Ну, сплошные непонятки! Ни журнала, ни прапорщицы! И эта Пластюкова дело вывернула так, что во всем подразделении только у прапорщицы алиби не было. А вся бета-гамма еще с подразделения молодняка твердо знала, что когда на ком-то сходились неопровержимые улики, того уже среди живых искать — зазря беспокоиться. Беременную не пожалела, врачиха-убийца!
Кстати, а от кого прапорщице беременной-то быть?..

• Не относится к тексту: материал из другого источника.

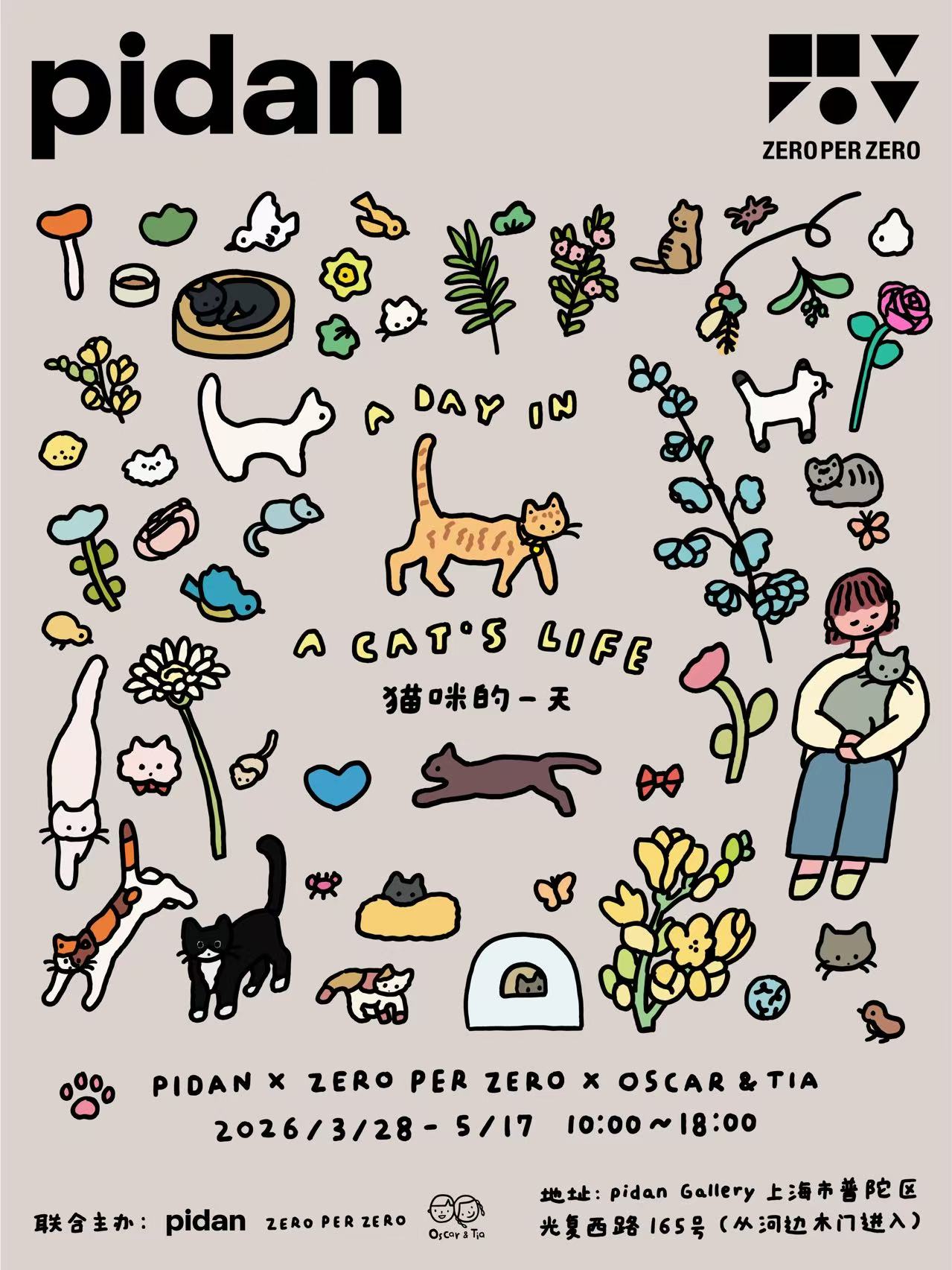 介绍 pidan Gallery将举办世界知名艺术工作室ZERO PER ZERO全球首展「猫咪的一天」。展览由「猫为先」的pidan联合ZERO PER ZERO及生活方式品牌Oscar&Tia主办,以简约而松弛的绘画风格和沉浸式置景,呈现家猫和流浪猫各自的日常瞬间。这是ZERO PER ZERO的猫咪绘画首次得到集中呈现,还有艺术家特别为本次展览新创作的「猫咪在上海」等系列作品。展览免费且猫咪友好,欢迎携猫看展!

И тут котик этот морской еще под ногами в штабе начал у всех мешаться. Все скулил про Женьку и Гренландию. Ах, вот кто у нас герой дня! Вот кто у нас решил прапорщицам отпуска декретные забесплатно устраивать! В Гренландии вот кто у нас медовые месяцы решил себе выкаблучивать за казенный счет!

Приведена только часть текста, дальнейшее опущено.